# Mac Mini Won't Boot



## BigDaddy13 (Sep 5, 2007)

First of all, let me say that I am complete noob to the Mac world.
I can work on pc's all day long, but am lost with any Mac stuff.

My friend asked me if I would clean up her Mac Mini.
I told her that I didn't know anything about Macs but
I am always willing to learn.

I connect the mac mini up with its power supply
and a usb PC keyboard and a usb PC mouse.

At boot up, the apple logo comes up and then it stop
it shows
-sh: /etc/profile: is a directory
-sh-2.05b#

If I press a key it will start throwing out errors.

AppleUSBOHCI[0x1355000]::MakeDevice error
setting address... then several more errors
stating the same but then says releasing device.

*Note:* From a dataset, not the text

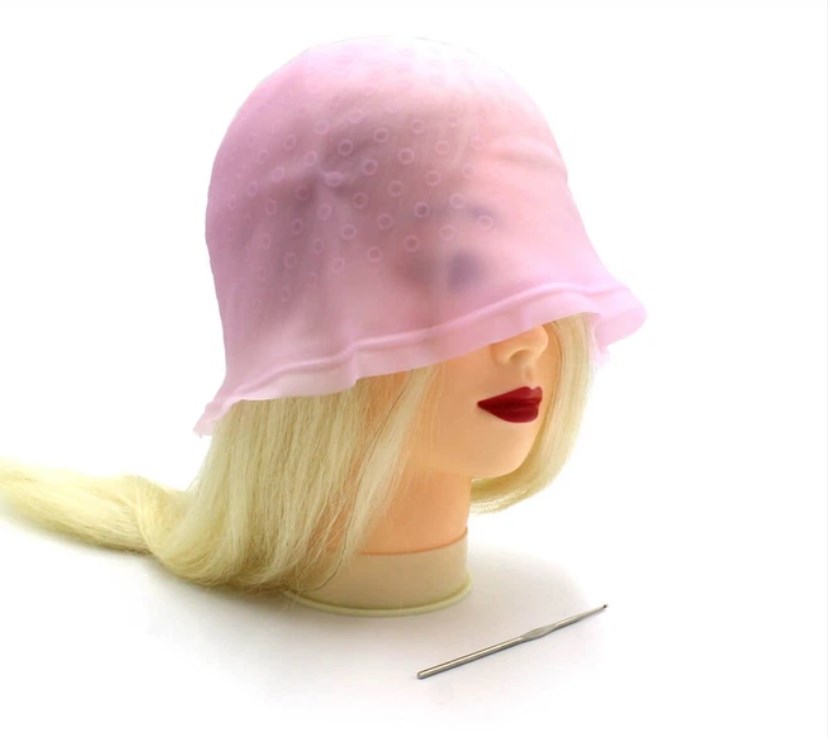 Професійна багаторазова силіконова шапочка для фарбування та мелірування волосся з гачком для колориста рожева
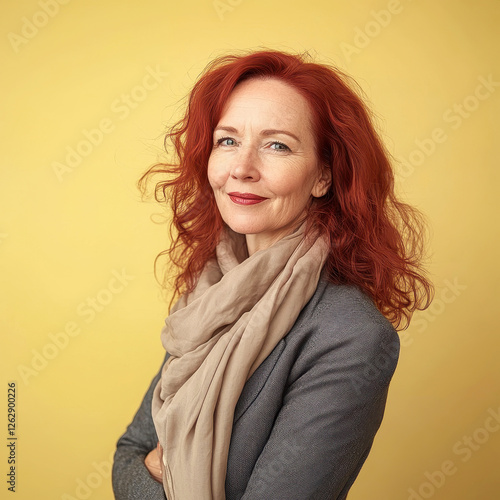 Confident middle-aged woman with red hair and a scarf smiling

Any help would greatly appreciated!

Thanks in advance!

BD


----------



## sinclair_tm (Mar 11, 2005)

do these usb devices work fine on a pc? it seems that there is some kind of error with the usb drivers. how about trying this, unplug them and then turn the mini on, and then see what it does. if it gets to the desktop, then plug them in and see if they work. any usb keyboard/mouse should work (i use microsoft ones on my mac) but there are exceptions to every rule.


----------



## BigDaddy13 (Sep 5, 2007)

Thanks for your response... if I unplug the usb stuff
all I get is 
-sh: /etc/profile: is a directory
-sh-2.05b#

and it just sits there.


----------



## sinclair_tm (Mar 11, 2005)

looks like you need to get the restore cds from the owner of the mini and see if you can boot from them. stick the 1st on it as you boot up and hold down the c key and it should boot from the cd. from there you can run the disk utility to see if you can fix the file system.


----------



## BigDaddy13 (Sep 5, 2007)

Ok... I will try that.

Thank you very much for your time!

BD


----------